Never dealt with the Squawk Box guys but the owner of Goosegetter is tops IMO on customer service. Have been using one of the Goosegetters for 5 seasons now and have not had 1 issue with it;great built product.The owner is gonna work with me to build a custom ecaller this winter for us and tweak a couple of things to my liking....great customer service.

Alex


----------



## bluebird (Feb 28, 2008)

I would go with the goose getter!!


----------



## the professor (Oct 13, 2006)

I cannot speak for the goose getter but hunted over a squakbox a few times this spring and they are well put together, and the extension cord style speaker setup makes for quick, easy deployment.


----------



## NC Ducker (Feb 17, 2010)

Can't speak for the goose getter, but the squawk box is great. Hunted over them all last spring with 0 problems. Very light weight and compact. Runs all day off small vexlar battery. The 120v recepticle style plugs are the best, just used tan drop cords to spread out the speakers. You won't be disappointed if you go with it, I can't imagine using anything else.


----------



## krsportsman (Feb 1, 2006)

This is definitely a NO brainer! Go with the squawk box. They sound great, are very portable and lightweight, and can run days on end without any attention. I own three and all have been very good to me! Just my 2 cents.


----------



## ValleyCityHunter2008 (Jan 13, 2008)

What are the outlet plugins on the squawk box for?


----------



## jcnelsn1 (Oct 28, 2008)

The speakers. The use outlet plugs rather than normal speaker connections.


----------



## Snowgooseman__SD (Jan 22, 2010)

i would go with the squawk box i own one and like it alot.
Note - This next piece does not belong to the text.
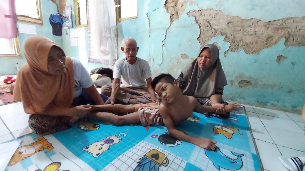 Kakinya dibungkukkan seperti ini agar tidak sakit, agar Hadijah tidak kembali merasakan nyeri. Jika berobat menggunakan BPJS, tetapi untuk transportasinya tidak ada biaya. Hanya bisa naik motor biasanya tiga orang, Hadijah di tengah. Bila sedang mengalami kejang, kami hanya duduk di tengah jalan seperti orang gila,” tambahnya.

Easy light weight and the extension cord idea for the speakers is a great idea. we went ahead and just bough some cord have 100' feet of wire for each of the speakers. i was right in your boat but there both great systems and i dont think you could go wrong with either. only thing i would have done different is bought the speakers from goose getter since they have the poke in the ground stakes.


----------